Graph of Top 10 VM's by CPU usage

Which explains why even though the Windows system was provisioned with 4vCPUS, it was only able to get the resources of slightly less than 50% of the capacity of the 4 virtual CPUs it was provisioned with.

So why did Windows think it was getting more CPU than ESXi was giving it?  Because it doesn’t know it’s virtualized.

There are times when the Guest OS (windows perfmon, etc) will show lower CPU usage than VMware reports.  The guest doesn’t know anything about the CPU used to virtualize the hardware resources it is requesting. ESXi does, and accurately attributes that load. Comparing the top two graphs, you can note that outside the period of load test, Windows reports a slightly lower CPU resource usage than does ESXi.

There are also times when the Guest OS will report a higher usage of CPUs than the hypervisor will, as in the period when the load test was running above.  Windows doesn’t know that part of the time, the CPUs are being stolen away from it and given to other guest machines. As far as it knows, it is using all the CPU it can on 3 of the 4 CPUs- so that must equal 75% load. It doesn’t know that part of the time, it has no access to the CPU’s as they are being used elsewhere, so the real time CPU usage is only about 50%.

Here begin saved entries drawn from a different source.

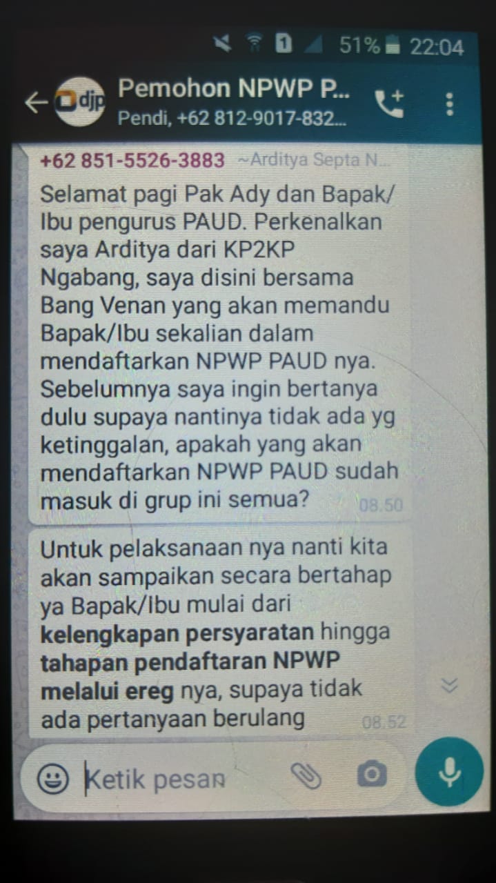 Kantor Pelayanan, Penyuluhan, dan Konsultasi Perpajakan (KP2KP) Ngabang mengadakan kelas pajak secara daring melalui Whatsapp (Jumat, 24/4). Kegiatan yang bertujuan untuk mengedukasi wajib pajak dalam pendaftaran NPWP PAUD ini diikuti oleh 30 orang peserta. Kegiatan edukasi dalam kelas pajak ini dibawakan oleh Tenaga Penyuluh KP2KP Ngabang Venansius Fajar Sinabutar dan Arditya Septa Nugraha.
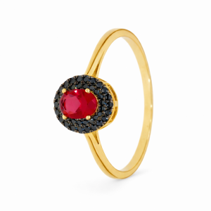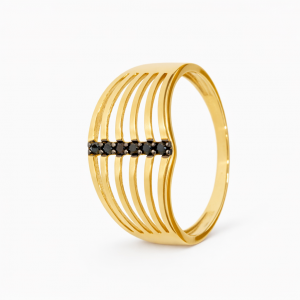 Złoty Pierścionek ażurowy z czarną cyrkonią 585
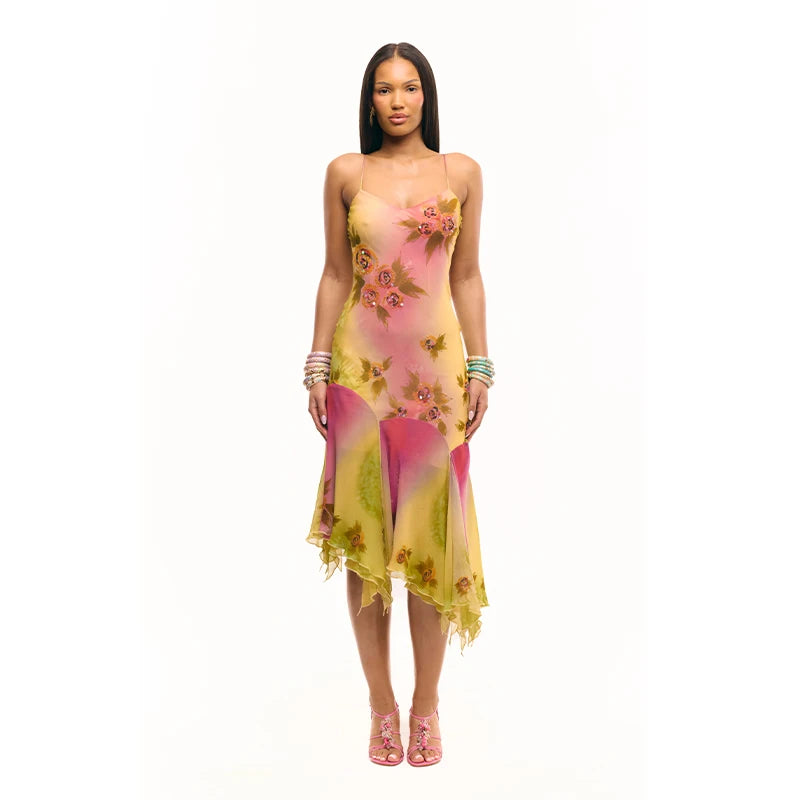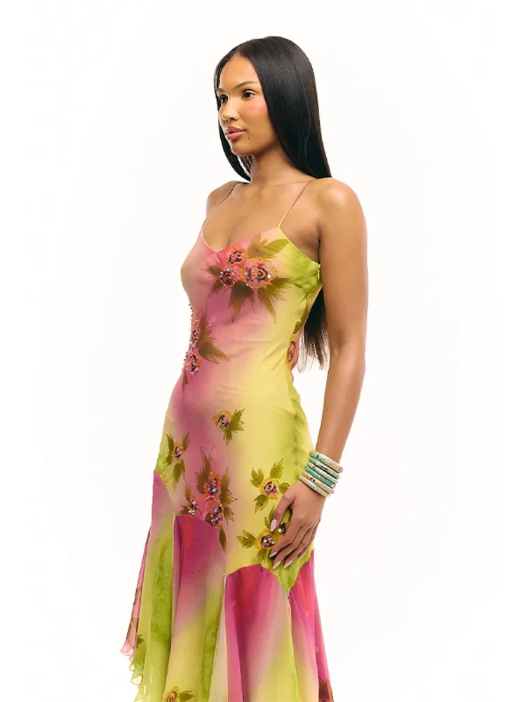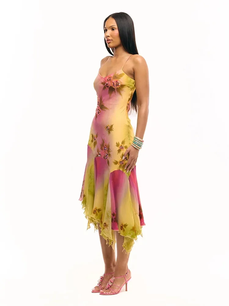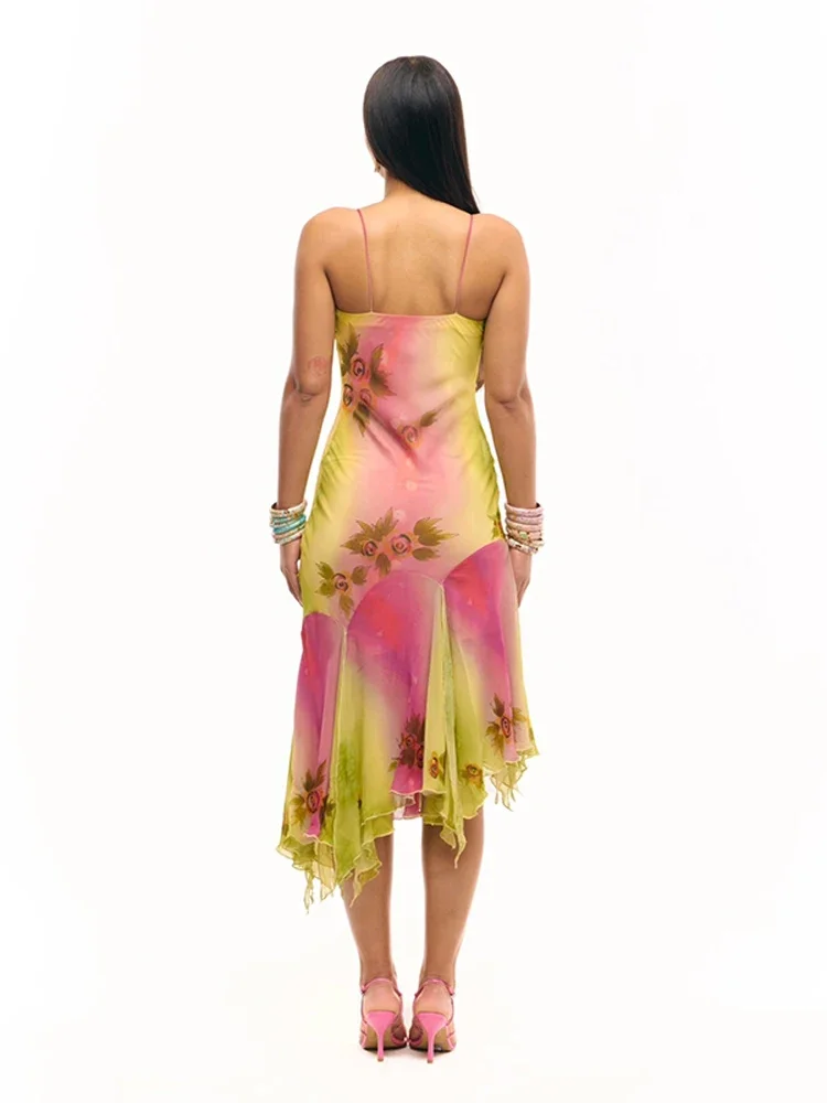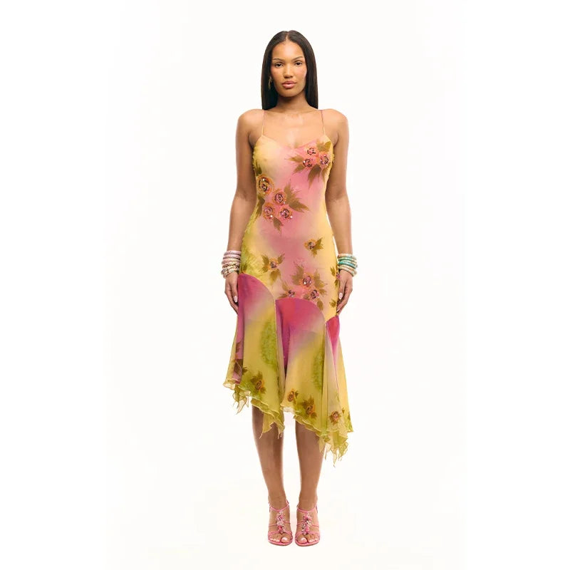 GETADME 새로운 컬러풀 플라워 슬리브리스 불규칙 롱 슬리밍 드레스 V넥 하이웨이스트 더블 레이어 드레스 여성 비치 의류
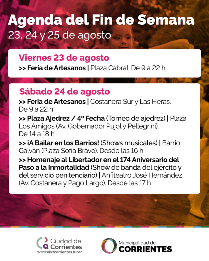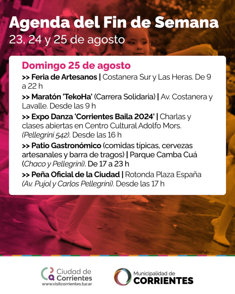 La Municipalidad de Corrientes organizó un amplio abanico de actividades para disfrutar de viernes a domingo en distintos espacios públicos. Habrá danza, música, ferias, cerveza artesanal, gastronomía local y una maratón por la costanera.
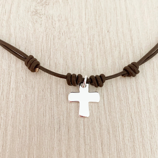 Collar de Cuero con Cruz de Plata para Niña o Niño personalizable
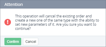 The confirmation window is displayed. - In the confirmation window, click Confirm. The existing Order and the related Payment will be cancelled. The page of a new Order of the same type is displayed to set new parameters.
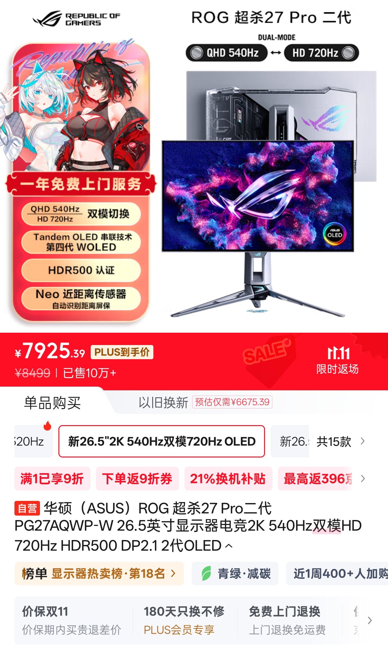 “败家玩意”ROG率先在11月1号开售超杀27Pro二代,26.5英寸,型号为PG27AQWP-W,搭载第四代LG W-OLED面板,采用2K 540Hz/720P 720Hz双模设计,配备80Gbps速率的DP2.1a接口,京东首发定价8499元,叠PLUS会员券后7925元,这价格,估计除了外观党,大家都只能望而却步了,但以上种种,统统不是我们要关注的重点。
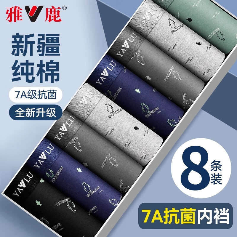 雅鹿8条装男士纯棉内裤男抗菌裆透气吸汗四角裤青少年平角短裤头 DC-CU695 -袋装 8条 3XL [建议130-160斤]
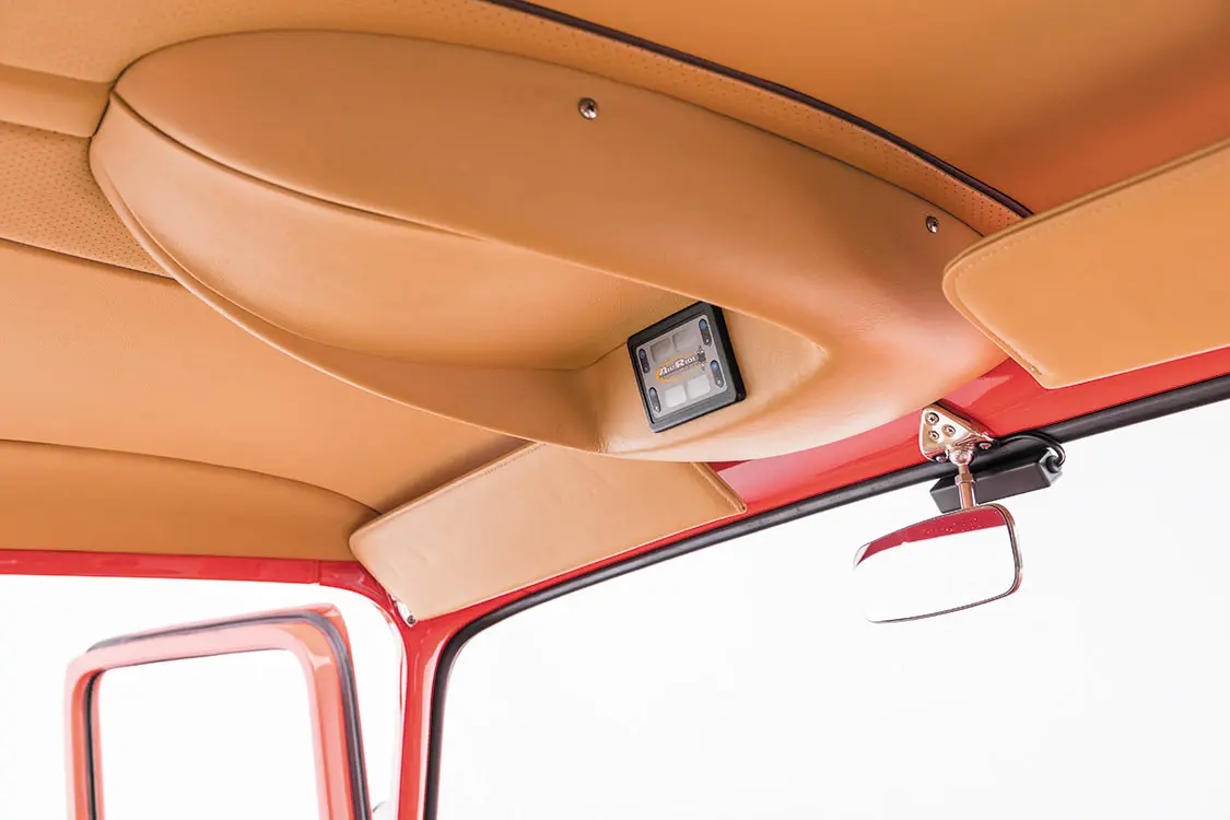 Front and center on the body color-matched dash sits an Alpine stereo and GPS system with a touchscreen, while a seven-gauge modernized Ultra-Lite cluster from Autometer gives speed, temperature and voltage readings to the driver in a classic-looking display. Overhead, an Air Ride Technologies controller sits in a custom console within easy reach of the driver to control the truck’s air-ride suspension system.
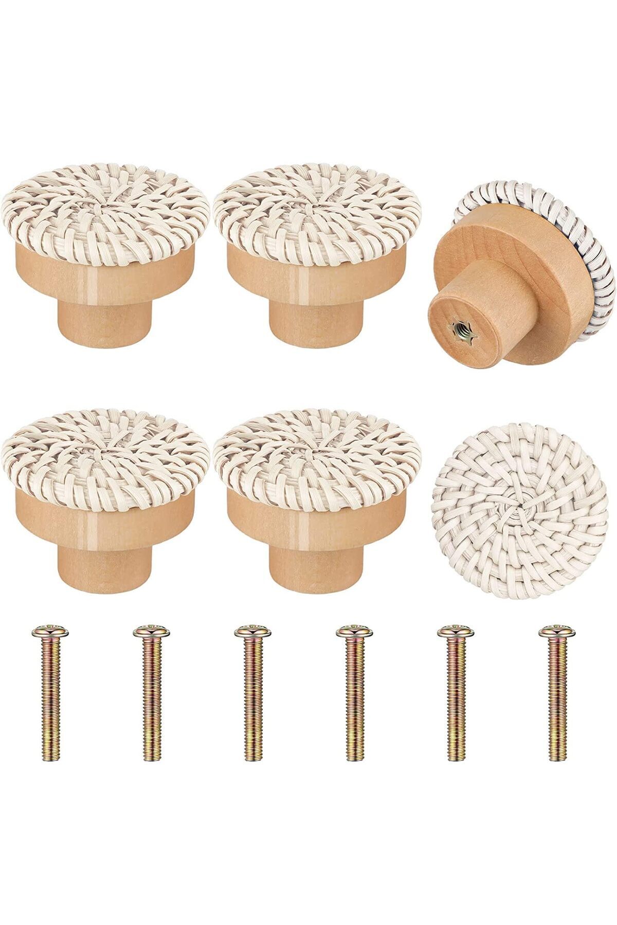 Bukela Wooden Drawer Knobs, Rattan Dresser Knobs
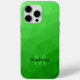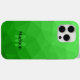 Light green geometric mesh pattern Monogram iPhone 15 Case. Personalize with your custom initial and name. Triangle geometric mesh with light to dark green ombre gradient.
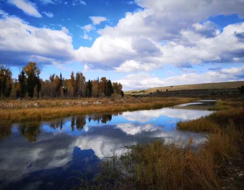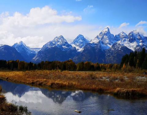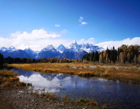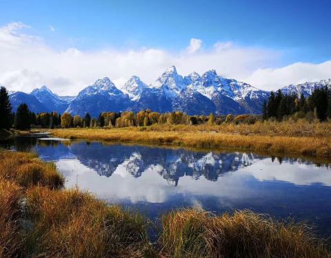 大提顿国家公园秋色,蓝天白云,雪山溪流,秀美壮丽!这里是我的最爱

There are other reasons that the internal measurements can differ, such as clock skew and adjustments, but suffice it to say that if you are looking for an absolute view of how CPUs are being used, you cannot trust the guest’s view of itself.

Does that mean the Guest’s view is meaningless? Far from it.  If you are monitoring the guest itself with LogicMonitor, or using Perfmon or TaskManager on it directly, and see high CPU usage – this is still a valid indicator that the guest is trying to do a lot of work, and running out of CPU resources. Whether it is running out of resources because it is actually using all the capacity of the physical CPU (which would be the case in a standalone machine running at 100%), or running out of CPU resources because it is sharing them unknowingly with other virtual systems does not matter.  The relevant fact remains that the system is using all the CPU it can. It may warrant adjusting CPU resources, reservations or shares, or investigating the workload.

Is the ESXi host’s view of CPU important, then? It is if you are the Vcenter administrator, and want to know which systems are actually using real CPU resources. (Overview graphs like the one shown above are very helpful for investigating these issues quickly.)  But you cannot use the ESXi host’s view of the CPU load to tell if a system wants more than the resources allocated to it – only how much of the resources allocated to it are being used.  But if other systems are competing for the same resources, any one guest may not get the resources it’s allocated.  If you are looking at ESX, a better way to tell if the guests are wanting more resources is to look at CPU Ready (which means that the guest had work ready to schedule on a CPU, but no CPU resource was available.) The graph for the VM above, during the period of the load test, clearly shows a big spike in CPU ready time:

Graph of CPU Ready on a virtual machine

So, whether you are looking at Vcenter, Perfmon, or the LogicMonitor view of the ESXi host or the Guest – you need to understand what you are looking at, how it matters, and why the different views don’t agree.

(Note: with VMWare Tools installed, perfmon in the guest can show you the accurate CPU usage under the “VM Processor” counter. This will be the same CPU usage you see in Vcenter, or in LogicMonitor from monitoring ESXi or VCenter.  But you still need to know what it means and how to interpret it.)